Ettercap is a free and open source network security tool for man-in-the-middle attacks on a LAN. It can be used for computer network protocol analysis and security auditing. It runs on various Unix-like operating systems including Linux, Mac OS X, BSD and Solaris, and on Microsoft Windows. It is capable of intercepting traffic on a network segment, capturing passwords, and conducting active eavesdropping against a number of common protocols. Its original developers later founded Hacking Team.

==Functionality==
Ettercap works by putting the network interface into promiscuous mode and by ARP poisoning the target machines. Thereby it can act as a 'man in the middle' and unleash various attacks on the victims. Ettercap has plugin support so that the features can be extended by adding new plugins.

==Features==
Ettercap supports active and passive dissection of many protocols (including ciphered ones) and provides many features for network and host analysis. Ettercap offers four modes of operation:

- IP-based: packets are filtered based on IP source and destination.
- MAC-based: packets are filtered based on MAC address, useful for sniffing connections through a gateway.
- ARP-based: uses ARP poisoning to sniff on a switched LAN between two hosts (full-duplex).
- PublicARP-based: uses ARP poisoning to sniff on a switched LAN from a victim host to all other hosts (half-duplex).

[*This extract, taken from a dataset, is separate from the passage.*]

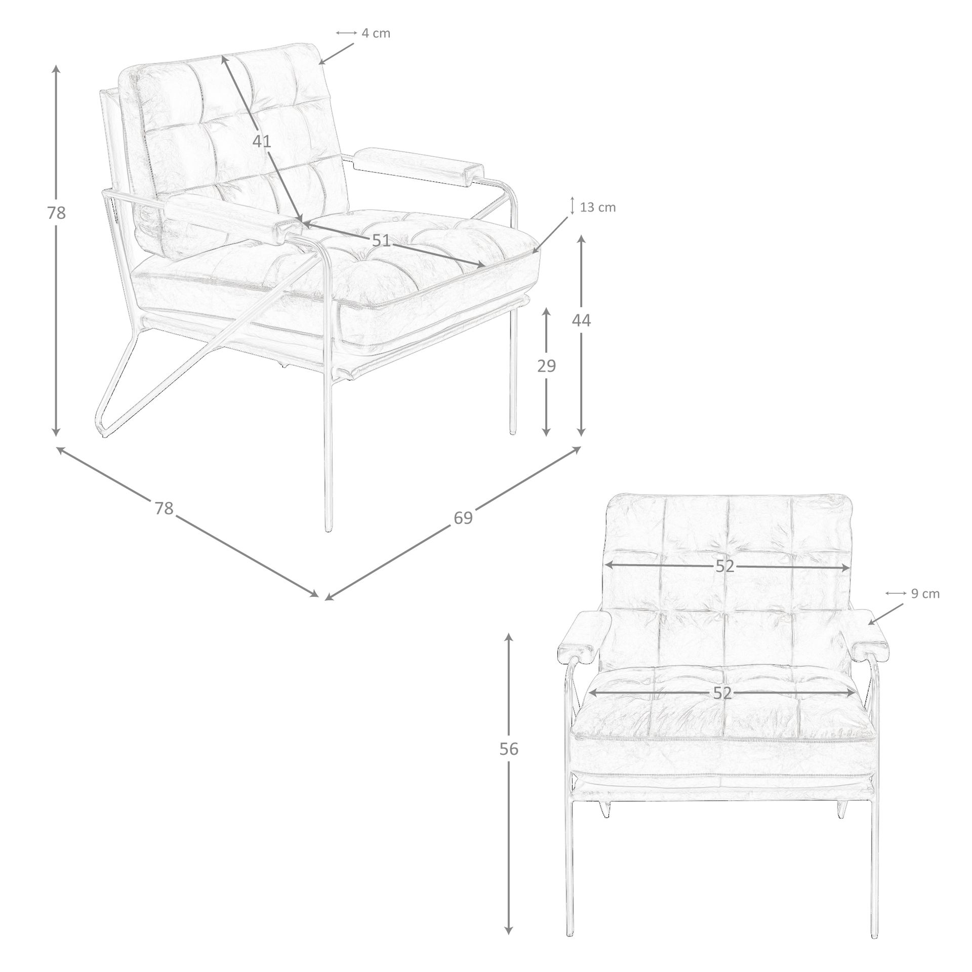 Sillón piel marrón coñac modelo 5166 Angel Cerdá S.L.Sillón con reposabrazos de diseño moderno con asiento y respaldo tapizados en piel de origen vacuno color marrón coñac. Tanto por su estilo, como por sus patas de acero inoxidable oscurecido, este sillón es la combinación perfecta entre diseño y confort.Medidas del producto: 69 x 78 x 78 cm.- La gran calidad de su tapizado en piel de origen vacuno de 1,25mm de espesor, le confiere además de elegancia y distinción, una gran durabilidad y comodidad. – Tanto por el tamaño de su asiento y su relleno en espuma de poliuretano de 25kg/m3, así como su cómodo respaldo le permitirá contar con el máximo confort, convirtiéndose en una pieza clave para sus momentos de relax o descanso. – El acabado capitoné en el respaldo de este sillón confidente, brinda un toque diferente y exclusivo. Una pieza de estilo moderno pensada para relajarse y disfrutar de la mayor comodidad.

In addition, the software also offers the following features:

- Character injection into an established connection: characters can be injected into a server (emulating commands) or to a client (emulating replies) while maintaining a live connection.
- SSH1 support: the sniffing of a username and password, and even the data of an SSH1 connection. Ettercap is the first software capable of sniffing an SSH connection in full duplex.
- HTTPS support: the sniffing of HTTP SSL secured data—even when the connection is made through a proxy.
- Remote traffic through a GRE tunnel: the sniffing of remote traffic through a GRE tunnel from a remote Cisco router, and perform a man-in-the-middle attack on it.
- Plug-in support: creation of custom plugins using Ettercap's API.
- Password collectors for: TELNET, FTP, POP, IMAP, rlogin, SSH1, ICQ, SMB, MySQL, HTTP, NNTP, X11, Napster, IRC, RIP, BGP, SOCKS 5, IMAP 4, VNC, LDAP, NFS, SNMP, MSN, YMSG
- Packet filtering/dropping: setting up a filter that searches for a particular string (or hexadecimal sequence) in the TCP or UDP payload and replaces it with a custom string/sequence of choice, or drops the entire packet.
- TCP/IP stack fingerprinting: determine the OS of the victim host and its network adapter.
- Kill a connection: killing connections of choice from the connections-list.
- Passive scanning of the LAN: retrieval of information about hosts on the LAN, their open ports, the version numbers of available services, the type of the host (gateway, router or simple PC) and estimated distances in number of hops.
- Hijacking of DNS requests.

Ettercap also has the ability to actively or passively find other poisoners on the LAN.